I have a plan in which I'm calling puppet task which is written in
PowerShell and after getting the result I'm using parsejson function to
parse the output received inside the plan.
*Example for the JSON returned by task:
*
{
"height": "5\\11",
"name": "Raghuram"
}
after calling parsejson on the above json string I received below object,
{
"height": "511",
"name": "Raghuram"
}
the slashes are getting removed in the parsed object of JSON string.
After googling,
I used this Link
<https://stackoverflow.com/questions/41290380/ruby-json-parse-stripping-escaped-back-slashes-from-string> and
put three slashes in the input string.
*Input:*
{
"height": "5\\\11",
"name": "Raghuram"
}
then also I got the same output with all the slashes removed.

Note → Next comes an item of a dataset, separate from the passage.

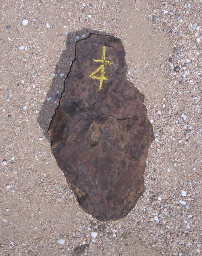 This excavated original GLO monument was marked with the chiseled ¼ indicating it to be a quarter corner. John B. Gridley noted it as being a Red Sandstone measuring 20"x12"x5". Field measurements taken on the date of excavation placed the size at 25"x13"x5".
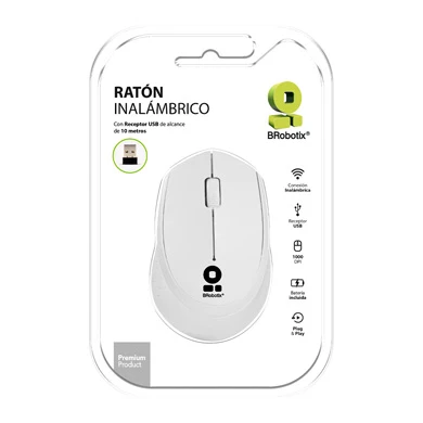 Mouse BRobotix 6000809, Ambidiestro, Óptico, RF inalámbrico, 1000 DPI, Blanco

I need any tricks/tips to mitigate this issue.
*Excepted Output:*
{
"height": "5\11",
"name": "Raghuram"
}
The thing with backslash escapes is that it is easy to be tricked by the
representation the original string is written in, and the representation
that it is presented in. For example if writing this in Ruby:
a = "5\\11"
then a will be a string that has the characters 'a', `\', '1', '1' since
the backslash is escaped it results in one. Now, if this is fed to json
to be parsed it is thus given "5\11" and since "\1" is not a recognized
escape sequence it just drops the backslash.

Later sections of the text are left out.